Amit Sahai


Amit Sahai is an American computer scientist. He is a professor of computer science at UCLA and the director of the Center for Encrypted Functionalities.

Biography

Amit Sahai was born in 1974 in Thousand Oaks, California, to parents who had
immigrated from India. He received a B.A. in mathematics with a computer
science minor from the University of California, Berkeley, summa cum laude, in
1996.
At Berkeley, Sahai was named Computing Research Association Outstanding
Undergraduate of the Year, North America, and was a member of the three-person
team that won first place in the 1996 ACM International Collegiate Programming Contest.
Sahai received his Ph.D. in Computer Science from MIT in 2000, and joined the
computer science faculty at Princeton University. In
2004 he moved to UCLA, where he currently holds the position of Professor of
Computer Science.

Research and Recognition

Amit Sahai's research interests are in security and cryptography, and theoretical
computer science more broadly.
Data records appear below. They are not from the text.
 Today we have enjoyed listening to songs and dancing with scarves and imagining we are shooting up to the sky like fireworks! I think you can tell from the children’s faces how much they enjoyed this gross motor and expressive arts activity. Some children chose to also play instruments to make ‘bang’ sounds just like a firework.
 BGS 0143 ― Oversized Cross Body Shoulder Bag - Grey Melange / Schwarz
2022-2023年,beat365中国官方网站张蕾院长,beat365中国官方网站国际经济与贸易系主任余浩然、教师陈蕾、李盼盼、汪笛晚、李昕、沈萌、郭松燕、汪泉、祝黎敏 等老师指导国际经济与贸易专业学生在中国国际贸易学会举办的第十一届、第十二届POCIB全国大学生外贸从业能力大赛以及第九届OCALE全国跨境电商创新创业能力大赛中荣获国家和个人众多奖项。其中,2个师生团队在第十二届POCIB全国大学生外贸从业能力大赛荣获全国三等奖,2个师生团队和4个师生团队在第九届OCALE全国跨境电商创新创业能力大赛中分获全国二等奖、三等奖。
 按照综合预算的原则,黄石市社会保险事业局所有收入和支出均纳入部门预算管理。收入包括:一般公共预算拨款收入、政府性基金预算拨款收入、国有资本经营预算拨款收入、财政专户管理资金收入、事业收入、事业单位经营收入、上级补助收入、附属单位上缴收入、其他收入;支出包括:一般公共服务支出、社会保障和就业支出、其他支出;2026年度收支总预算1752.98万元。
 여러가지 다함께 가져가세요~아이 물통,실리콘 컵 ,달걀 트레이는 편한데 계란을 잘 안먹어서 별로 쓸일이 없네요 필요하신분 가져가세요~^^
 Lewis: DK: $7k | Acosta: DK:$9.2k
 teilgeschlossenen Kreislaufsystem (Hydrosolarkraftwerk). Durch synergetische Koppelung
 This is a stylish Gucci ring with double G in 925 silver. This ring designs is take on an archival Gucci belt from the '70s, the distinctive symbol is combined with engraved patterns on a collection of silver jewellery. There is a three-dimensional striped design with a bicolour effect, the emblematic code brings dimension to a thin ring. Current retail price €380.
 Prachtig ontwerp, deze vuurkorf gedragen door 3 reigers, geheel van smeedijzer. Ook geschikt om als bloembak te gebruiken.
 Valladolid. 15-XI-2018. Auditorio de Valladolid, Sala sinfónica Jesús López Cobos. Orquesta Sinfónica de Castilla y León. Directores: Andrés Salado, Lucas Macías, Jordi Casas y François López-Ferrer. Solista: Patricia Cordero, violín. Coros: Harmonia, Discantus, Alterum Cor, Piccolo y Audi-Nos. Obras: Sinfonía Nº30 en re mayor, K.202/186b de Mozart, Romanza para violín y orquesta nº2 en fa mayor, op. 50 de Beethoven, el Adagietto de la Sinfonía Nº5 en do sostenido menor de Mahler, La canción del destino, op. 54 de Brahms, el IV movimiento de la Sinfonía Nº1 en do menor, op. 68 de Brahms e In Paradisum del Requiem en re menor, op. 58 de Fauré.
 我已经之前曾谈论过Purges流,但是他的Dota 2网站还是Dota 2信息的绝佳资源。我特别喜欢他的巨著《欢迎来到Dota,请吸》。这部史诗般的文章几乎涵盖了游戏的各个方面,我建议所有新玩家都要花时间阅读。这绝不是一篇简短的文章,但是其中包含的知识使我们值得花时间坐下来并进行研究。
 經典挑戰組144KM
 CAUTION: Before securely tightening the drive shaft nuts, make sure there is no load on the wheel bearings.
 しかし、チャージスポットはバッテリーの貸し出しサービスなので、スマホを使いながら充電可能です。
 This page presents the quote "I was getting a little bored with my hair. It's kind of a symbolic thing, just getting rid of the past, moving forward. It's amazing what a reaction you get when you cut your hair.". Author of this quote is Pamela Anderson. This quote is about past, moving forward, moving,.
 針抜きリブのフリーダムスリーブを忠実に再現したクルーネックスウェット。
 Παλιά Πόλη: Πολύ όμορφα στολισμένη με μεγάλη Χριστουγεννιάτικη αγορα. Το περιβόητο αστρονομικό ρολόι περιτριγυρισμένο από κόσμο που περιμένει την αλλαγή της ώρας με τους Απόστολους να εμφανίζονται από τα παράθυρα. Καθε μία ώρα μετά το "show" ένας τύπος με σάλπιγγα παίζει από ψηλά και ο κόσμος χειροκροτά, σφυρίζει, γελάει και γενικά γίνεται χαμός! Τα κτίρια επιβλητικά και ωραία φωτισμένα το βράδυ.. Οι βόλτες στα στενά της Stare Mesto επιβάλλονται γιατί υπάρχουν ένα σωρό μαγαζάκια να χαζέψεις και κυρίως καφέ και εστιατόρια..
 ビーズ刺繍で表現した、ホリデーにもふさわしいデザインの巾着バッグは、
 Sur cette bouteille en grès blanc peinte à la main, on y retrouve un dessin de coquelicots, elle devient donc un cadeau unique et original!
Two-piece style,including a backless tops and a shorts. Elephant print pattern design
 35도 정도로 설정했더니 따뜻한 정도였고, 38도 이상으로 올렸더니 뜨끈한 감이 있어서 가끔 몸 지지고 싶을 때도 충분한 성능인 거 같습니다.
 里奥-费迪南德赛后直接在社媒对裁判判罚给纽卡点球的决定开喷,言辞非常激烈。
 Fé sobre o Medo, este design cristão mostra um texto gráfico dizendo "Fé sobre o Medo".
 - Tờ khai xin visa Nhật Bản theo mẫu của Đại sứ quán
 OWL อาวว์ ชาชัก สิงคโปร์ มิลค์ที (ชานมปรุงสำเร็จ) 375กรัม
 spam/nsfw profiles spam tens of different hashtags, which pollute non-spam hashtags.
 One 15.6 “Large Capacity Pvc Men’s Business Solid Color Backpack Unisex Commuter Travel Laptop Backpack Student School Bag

He has published more than 100 original
technical research papers.
Notable contributions by Sahai include:
Sahai has given a number of invited talks including the 2004 Distinguished Cryptographer Lecture
Series at NTT Labs, Japan. He was named an Alfred P. Sloan Foundation Research
Fellow in 2002, received an Okawa Research Grant Award in 2007, a Xerox
Foundation Faculty Award in 2010, and a Google Faculty Research Award in 2010.
His research has been covered by several news agencies including the BBC World
Service.
Sahai was elected as an ACM Fellow in 2018 for "contributions to cryptography and to the development of indistinguishability obfuscation".
In 2019, he was named a Fellow of the International Association for Cryptologic Research for "fundamental contributions, including to secure computation, zero knowledge, and functional encryption, and for service to the IACR."